(Beginning of Source material)

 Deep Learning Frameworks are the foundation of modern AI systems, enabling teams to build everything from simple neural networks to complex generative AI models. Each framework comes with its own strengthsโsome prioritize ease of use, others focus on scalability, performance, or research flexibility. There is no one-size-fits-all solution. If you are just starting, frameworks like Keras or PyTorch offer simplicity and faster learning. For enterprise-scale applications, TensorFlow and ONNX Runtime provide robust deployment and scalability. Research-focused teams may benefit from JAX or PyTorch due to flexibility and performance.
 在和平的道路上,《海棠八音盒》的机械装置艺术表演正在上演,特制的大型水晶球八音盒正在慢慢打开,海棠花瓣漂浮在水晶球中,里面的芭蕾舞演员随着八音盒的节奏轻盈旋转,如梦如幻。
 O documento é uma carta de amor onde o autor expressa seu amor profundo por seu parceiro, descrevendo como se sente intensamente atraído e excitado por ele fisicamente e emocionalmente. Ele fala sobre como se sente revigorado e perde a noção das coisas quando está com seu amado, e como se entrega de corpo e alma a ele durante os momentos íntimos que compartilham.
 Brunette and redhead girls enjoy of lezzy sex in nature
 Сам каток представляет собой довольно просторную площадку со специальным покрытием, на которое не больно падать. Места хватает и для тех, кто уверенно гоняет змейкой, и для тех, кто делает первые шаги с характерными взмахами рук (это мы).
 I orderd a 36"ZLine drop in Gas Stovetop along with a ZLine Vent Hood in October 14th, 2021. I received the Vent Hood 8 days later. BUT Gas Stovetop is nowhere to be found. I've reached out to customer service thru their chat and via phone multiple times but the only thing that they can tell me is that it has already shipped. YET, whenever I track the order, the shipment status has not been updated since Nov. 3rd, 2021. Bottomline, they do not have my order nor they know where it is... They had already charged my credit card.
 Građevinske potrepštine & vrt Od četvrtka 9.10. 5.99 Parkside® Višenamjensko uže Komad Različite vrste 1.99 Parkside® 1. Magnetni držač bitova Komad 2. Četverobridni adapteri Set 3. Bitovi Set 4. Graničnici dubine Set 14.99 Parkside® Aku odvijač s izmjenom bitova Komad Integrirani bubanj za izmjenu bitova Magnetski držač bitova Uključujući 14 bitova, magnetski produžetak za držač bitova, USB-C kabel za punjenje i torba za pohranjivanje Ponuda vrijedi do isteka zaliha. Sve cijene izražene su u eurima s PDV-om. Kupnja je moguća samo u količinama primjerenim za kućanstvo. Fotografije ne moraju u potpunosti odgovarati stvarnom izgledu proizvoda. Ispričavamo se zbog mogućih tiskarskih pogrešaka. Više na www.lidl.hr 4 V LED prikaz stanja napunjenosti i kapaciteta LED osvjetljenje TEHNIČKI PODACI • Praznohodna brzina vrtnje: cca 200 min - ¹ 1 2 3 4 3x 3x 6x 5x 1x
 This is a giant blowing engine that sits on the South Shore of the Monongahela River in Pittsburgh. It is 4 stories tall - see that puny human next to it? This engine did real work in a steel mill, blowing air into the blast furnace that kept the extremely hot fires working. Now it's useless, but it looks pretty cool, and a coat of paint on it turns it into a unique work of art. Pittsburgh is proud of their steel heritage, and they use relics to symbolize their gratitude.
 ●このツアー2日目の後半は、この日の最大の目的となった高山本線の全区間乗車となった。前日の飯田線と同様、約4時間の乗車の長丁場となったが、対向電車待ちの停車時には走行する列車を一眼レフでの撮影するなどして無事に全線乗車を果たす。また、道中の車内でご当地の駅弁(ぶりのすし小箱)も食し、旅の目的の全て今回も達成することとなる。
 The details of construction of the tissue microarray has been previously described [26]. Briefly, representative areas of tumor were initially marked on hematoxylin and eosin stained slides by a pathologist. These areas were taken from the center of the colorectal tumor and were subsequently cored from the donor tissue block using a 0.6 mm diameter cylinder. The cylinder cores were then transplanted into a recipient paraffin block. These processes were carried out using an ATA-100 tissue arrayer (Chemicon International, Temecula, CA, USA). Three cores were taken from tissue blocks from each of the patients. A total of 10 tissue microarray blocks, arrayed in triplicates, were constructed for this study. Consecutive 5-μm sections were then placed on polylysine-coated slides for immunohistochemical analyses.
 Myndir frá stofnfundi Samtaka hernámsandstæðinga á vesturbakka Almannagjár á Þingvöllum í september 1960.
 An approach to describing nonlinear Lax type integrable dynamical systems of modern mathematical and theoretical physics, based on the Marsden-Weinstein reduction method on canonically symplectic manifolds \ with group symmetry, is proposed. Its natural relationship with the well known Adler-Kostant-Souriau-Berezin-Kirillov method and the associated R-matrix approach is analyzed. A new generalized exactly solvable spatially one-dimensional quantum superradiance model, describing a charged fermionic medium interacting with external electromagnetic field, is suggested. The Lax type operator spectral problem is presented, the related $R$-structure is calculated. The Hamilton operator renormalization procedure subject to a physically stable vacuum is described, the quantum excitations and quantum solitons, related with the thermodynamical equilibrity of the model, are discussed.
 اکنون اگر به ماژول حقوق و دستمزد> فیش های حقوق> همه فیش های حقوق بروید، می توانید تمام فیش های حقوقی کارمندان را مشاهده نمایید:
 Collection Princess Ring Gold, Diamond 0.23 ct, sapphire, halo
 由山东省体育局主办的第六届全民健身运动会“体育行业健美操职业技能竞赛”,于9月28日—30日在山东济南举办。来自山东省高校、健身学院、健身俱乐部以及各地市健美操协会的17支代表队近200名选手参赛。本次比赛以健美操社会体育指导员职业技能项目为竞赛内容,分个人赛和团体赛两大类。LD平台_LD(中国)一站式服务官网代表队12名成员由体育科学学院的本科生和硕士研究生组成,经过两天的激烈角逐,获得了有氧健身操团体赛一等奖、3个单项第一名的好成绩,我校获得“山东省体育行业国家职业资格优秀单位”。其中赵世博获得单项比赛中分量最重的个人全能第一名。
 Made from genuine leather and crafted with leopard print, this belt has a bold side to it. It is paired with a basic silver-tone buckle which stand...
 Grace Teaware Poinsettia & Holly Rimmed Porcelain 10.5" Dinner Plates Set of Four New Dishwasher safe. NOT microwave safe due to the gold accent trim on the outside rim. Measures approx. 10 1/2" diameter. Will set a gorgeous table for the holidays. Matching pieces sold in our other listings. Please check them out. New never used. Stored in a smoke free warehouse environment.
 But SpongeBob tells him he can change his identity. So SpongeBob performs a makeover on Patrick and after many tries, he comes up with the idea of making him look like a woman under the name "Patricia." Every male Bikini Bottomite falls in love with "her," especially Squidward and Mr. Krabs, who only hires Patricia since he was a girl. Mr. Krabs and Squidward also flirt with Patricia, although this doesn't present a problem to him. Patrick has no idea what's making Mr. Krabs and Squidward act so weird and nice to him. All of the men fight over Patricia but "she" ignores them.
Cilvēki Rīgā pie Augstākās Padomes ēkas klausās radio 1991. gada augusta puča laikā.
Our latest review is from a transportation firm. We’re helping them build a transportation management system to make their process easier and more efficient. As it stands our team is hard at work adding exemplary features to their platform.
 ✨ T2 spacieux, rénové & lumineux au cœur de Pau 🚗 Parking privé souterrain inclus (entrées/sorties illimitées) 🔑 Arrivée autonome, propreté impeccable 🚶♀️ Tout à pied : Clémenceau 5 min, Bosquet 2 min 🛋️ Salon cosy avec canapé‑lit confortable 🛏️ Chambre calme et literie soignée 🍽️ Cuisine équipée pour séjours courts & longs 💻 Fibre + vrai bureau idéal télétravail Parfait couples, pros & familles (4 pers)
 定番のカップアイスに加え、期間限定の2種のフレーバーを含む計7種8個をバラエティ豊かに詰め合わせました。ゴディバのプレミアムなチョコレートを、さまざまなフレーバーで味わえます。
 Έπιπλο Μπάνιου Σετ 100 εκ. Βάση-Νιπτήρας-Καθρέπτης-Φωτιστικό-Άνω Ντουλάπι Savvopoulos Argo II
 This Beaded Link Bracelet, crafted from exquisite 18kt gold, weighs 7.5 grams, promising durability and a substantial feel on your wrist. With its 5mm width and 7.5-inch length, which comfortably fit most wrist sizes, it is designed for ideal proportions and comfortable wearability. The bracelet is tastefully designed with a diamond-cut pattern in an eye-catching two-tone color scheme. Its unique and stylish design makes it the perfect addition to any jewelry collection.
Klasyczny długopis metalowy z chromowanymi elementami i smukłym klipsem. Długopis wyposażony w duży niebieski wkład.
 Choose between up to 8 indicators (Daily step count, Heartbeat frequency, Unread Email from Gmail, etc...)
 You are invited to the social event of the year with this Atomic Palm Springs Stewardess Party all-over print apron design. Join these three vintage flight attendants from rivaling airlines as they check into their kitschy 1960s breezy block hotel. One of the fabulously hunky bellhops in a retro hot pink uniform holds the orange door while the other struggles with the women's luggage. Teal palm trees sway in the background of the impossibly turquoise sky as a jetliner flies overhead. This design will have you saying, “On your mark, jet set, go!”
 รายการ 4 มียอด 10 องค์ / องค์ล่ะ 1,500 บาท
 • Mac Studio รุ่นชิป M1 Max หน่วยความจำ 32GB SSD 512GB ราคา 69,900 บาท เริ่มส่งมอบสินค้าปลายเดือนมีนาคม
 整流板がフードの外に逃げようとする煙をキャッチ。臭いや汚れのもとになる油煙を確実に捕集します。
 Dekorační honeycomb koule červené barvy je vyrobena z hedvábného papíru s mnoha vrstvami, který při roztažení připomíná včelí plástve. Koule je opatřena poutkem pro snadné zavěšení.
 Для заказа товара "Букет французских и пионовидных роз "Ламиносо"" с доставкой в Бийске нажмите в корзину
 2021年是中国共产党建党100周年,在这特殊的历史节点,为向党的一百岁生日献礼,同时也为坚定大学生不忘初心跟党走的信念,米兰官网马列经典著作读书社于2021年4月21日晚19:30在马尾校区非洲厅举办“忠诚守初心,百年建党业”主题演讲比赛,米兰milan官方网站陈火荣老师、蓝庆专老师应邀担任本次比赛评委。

(End of Source material)

Task requirements: Starting at the first line of the data above, please restate word for word every line up to and including the one that holds "在和平的道路上,《海棠八音盒", and add nothing else.

Expected output:
 Deep Learning Frameworks are the foundation of modern AI systems, enabling teams to build everything from simple neural networks to complex generative AI models. Each framework comes with its own strengthsโsome prioritize ease of use, others focus on scalability, performance, or research flexibility. There is no one-size-fits-all solution. If you are just starting, frameworks like Keras or PyTorch offer simplicity and faster learning. For enterprise-scale applications, TensorFlow and ONNX Runtime provide robust deployment and scalability. Research-focused teams may benefit from JAX or PyTorch due to flexibility and performance.
 在和平的道路上,《海棠八音盒》的机械装置艺术表演正在上演,特制的大型水晶球八音盒正在慢慢打开,海棠花瓣漂浮在水晶球中,里面的芭蕾舞演员随着八音盒的节奏轻盈旋转,如梦如幻。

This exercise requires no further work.